David even cried when he made his confession. How perfect is that? But you have to pity him a little – he won’t know his parents are cool with it until after he gets out, and it must be upsetting. But he ultimately shouldn’t worry about his small town – becoming a BB-grade celebrity surely trumps any rural homophobia.

And David certainly knows about homophobia. What has been genuinely controversial and interesting is the revelation that David was bashed earlier in the year. (Which is not the only revelation in store if his former agent gets his way – let’s hope he doesn’t.) It’s a rather uglier element to add into the story, and it’d be interesting to know whether the producers were aware of it.

The fact is that most gay men – even nice, spunky, beefy ones like David – face violence at some point. And whether it intended to or not, the role BB has played in bringing the national media spotlight onto an ugly problem will probably help enormously. While the Federal Government has spent millions on the violence against women campaign – as it it should have – we don’t often hear that Australia says no to violence against homosexuals as well.

With all the fuss, it’s interesting to contrast Graham with BB01‘s openly-gay Johnny Cass, an Oxford St identity. Then, there just happened to be a gay guy in the house as part of the mix, without any particular fuss or fanfare. That was back in the days when they went for an interesting group of people, before they went in the direction of trying to get everyone to shag.

Now, it’s a big deal. A talking point. Doesn’t feel like it’s six years, later, does it?

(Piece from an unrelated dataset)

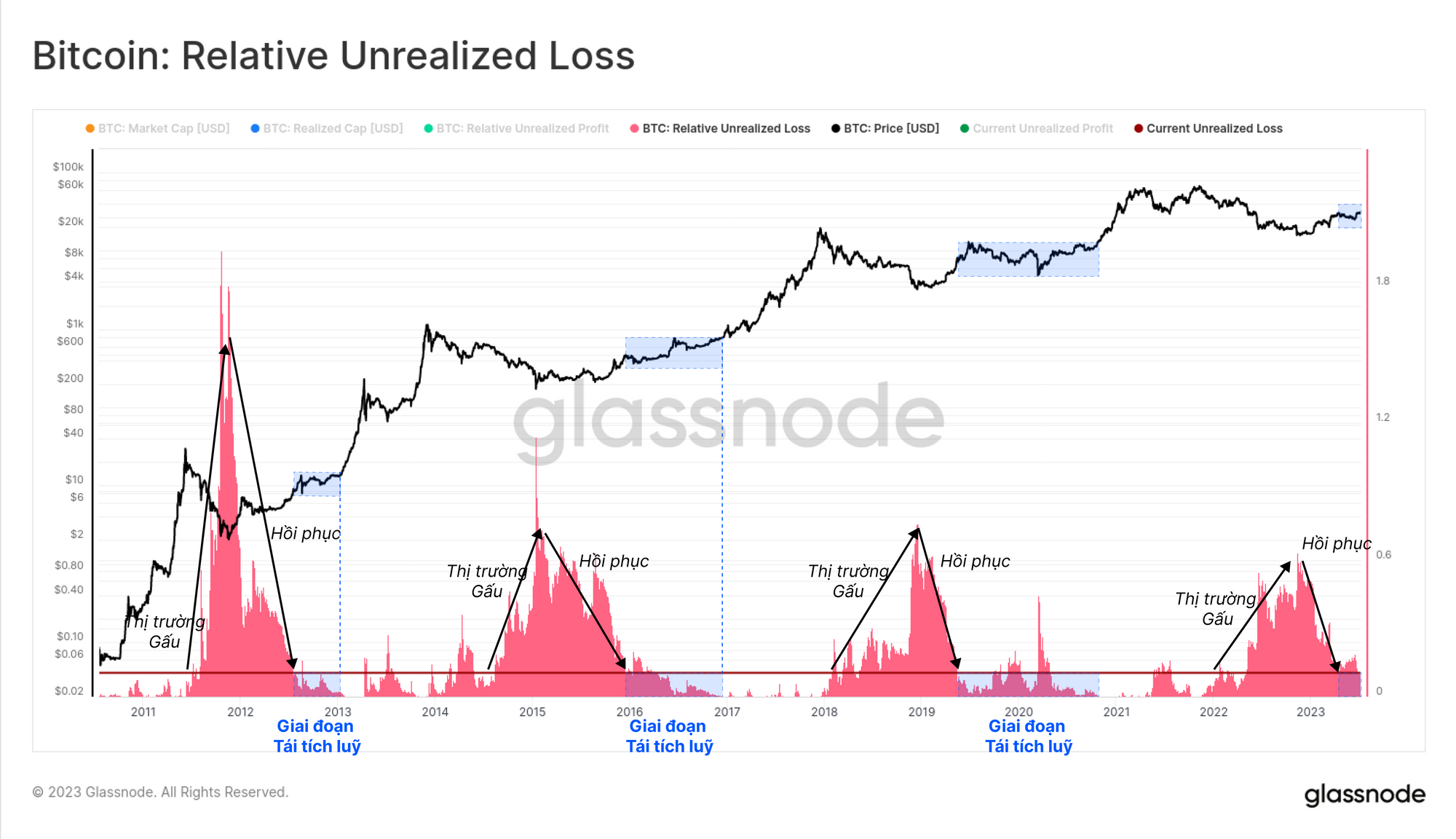 Chúng ta có thể hình dung điều này bằng cách xem tỷ lệ Vốn hóa Thị trường đang trong trạng thái lỗ chưa thực hiện. Trong thị trường gấu, thị trường chìm sâu trong sắc đỏ với các nhà đầu tư dần dần rút lui. Khi thị trường hình thành và sau đó phục hồi từ mức thấp, khả năng sinh lời sẽ phục hồi mạnh mẽ, đạt đến mức tương tự như hiện tại.

David’s also outed himself as something far more embarrassing than being gay – a Nationals supporter. The party must be mortified. If Joh was still around, David would have been seized from the BB house by the Special Branch and locked up in far less comfortable surrounds. Whereas with today’s Nats, let’s just hope BB06‘s pinup boy never wants to get married.

On this occasion – perhaps inadvertenty – Big Brother has brought a genuinely important issue into the spotlight, but it doesn’t genuinely push the boundaries. It’s ultimately about selling advertising and SMS votes. And that seems an appropriate note to end on. So let’s assume that the closet David’s been in for his whole life so far was courtesy of Freedom Furniture.